We All Make Mistakes: A biologist explains why to correct them

Nature pointed me to an eloquent correction by a biology researcher. “What really matters is the science and getting it as right as possible.   Avoid mistakes with careful science.  Correct them with honesty and humility.”

Research in telecom often needs correction but that rarely happens. Currently, I am researching

  • A professor who thought data dominated by in-home Wi-Fi showed broadband problems and made policy recommendations based on the misunderstanding.
  • Wireless carriers using seriously out-of-date data to demand tens of billions in unnecessary subsidies for 5G. Everyone in the industry knows that T-Mobile committed to 99% 5G coverage, with Verizon & AT&T likely to come close to matching. Subsidies for 5G, except in the very few areas without towers, are almost always waste. Big in Europe.
  • $5-15 billion NTIA might spend for homes that have a perfectly fine broadband connection via cable. This is due to errors in the FCC broadband fabric due to incorrect measures of broadband capacity. Davidson & Rosenworcel know this but don’t appear to be fixing it. Not good enough for government work.

“I make many mistakes,” the Butler said to Humphery Bogart in The Big Sleep. I’ve certainly made my share. Three years ago, I wildly overestimated the reach of mmWave 5G and hence its prospects. The only substantial data I had was from Verizon, an interested source. It turned out to be highly spun. I should have been more careful. (I did strongly correct.)

Here’s the statement shared by Professor Joan E. Strassmann

Retraction has a stigma about it.   We’ve developed science with self-correcting mechanisms that are robust to misconception.  Part of that means being honest about our errors. When I discovered the contamination, I could have quietly moved on and likely nobody would have ever known.  Some selfish, anxious part of me wanted to do that.  But I believe in the importance of intellectual honesty and owning my mistakes and never seriously flirted with the idea of burying them. 

That is not to say it was easy.  First, discovering the problem was a gradual process, in part because it did not even occur to me that something I had spent so much of my time and self-esteem on could have gone so awry.  Early clues that something was wrong troubled me but were easy to explain away as some lesser error, particularly because the sequencing analyses that ultimately revealed the contamination were new to me.  The first few results that did not turn out as I expected I assumed were because I had made some mistake in my code, had failed to set some needed argument, or failed to understand one of the multitude of assumptions inherent to doing bioinformatics.  Each would send me off on some tangent trying to understand some new aspect of the program I was using. 

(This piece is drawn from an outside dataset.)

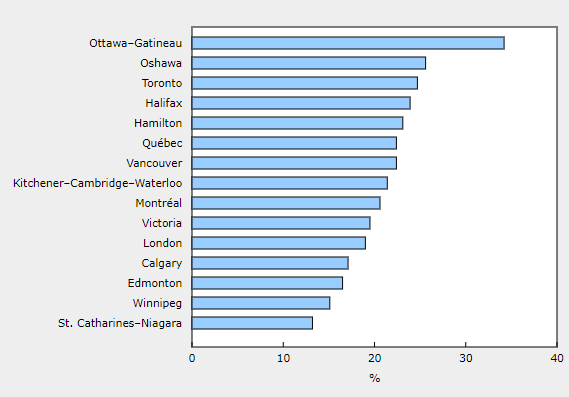 Halifax was next in line with 12.3%riding or walking. StatCan says this may potentially be driven by the smaller size and milder climate of these cities.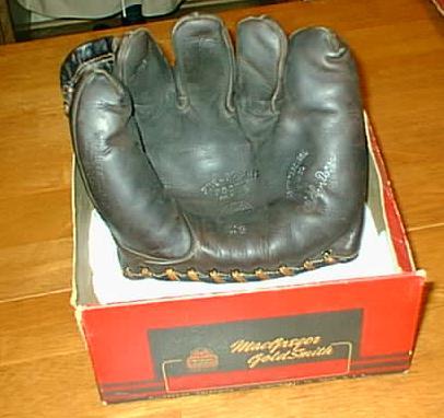 A nice 1950's Spalding "Sal Maglie" model 1061 sold for $25 on ebay. Top of the line in its day. Pre-formed pocket lacing. Diagonal lacing on the thumb is part of the V-Anchored web, a sure sign of a quality made glove.

Eventually, though, the simpler, uglier explanation occurred to me:  I had messed up.  I had messed up bigtime.  Not with a few lines of code that could be fixed with some careful Google research.  I had messed up the experiment itself, many months and dollars ago.  Once that possibility had occurred to me all of my recent weird results made sense, and it was easy to confirm the worst. We would have to retract the paper. 

Naturally I felt like a failure.  I knew that I had done the research in good faith, and I believed that the ideas behind it had genuine merit, but I could not shake the idea that I had let down people who had invested in me. I’ve had to deliver the news to laymen and scientists alike – professors, post docs, fellow grad students, family members, the editors of the journal where we published the contaminated results.  The response has been uniformly supportive. Nobody (but me) has scolded me for poor technique or for wasting time or money.  Instead people have made excuses for me (“was it because of COVID?” was a popular one.)    Nonetheless, the feeling that I had sinned was a hard one to dispel.

Here is the silver lining:  I learned something, which is what science is about. I learned that the stigma I perceived was predominantly coming from my own ego.  I learned how kind people could be about an honest mistake.  I did the right thing, and none of the awful consequences I imagined following came to pass.  I insisted on eating at least some crow (No, it wasn’t because of COVID), but in the end what really matters is the science and getting it as right as possible.   Avoid mistakes with careful science.  Correct them with honesty and humility.  Have some faith that your fellow scientists will understand.  And then get back to the lab.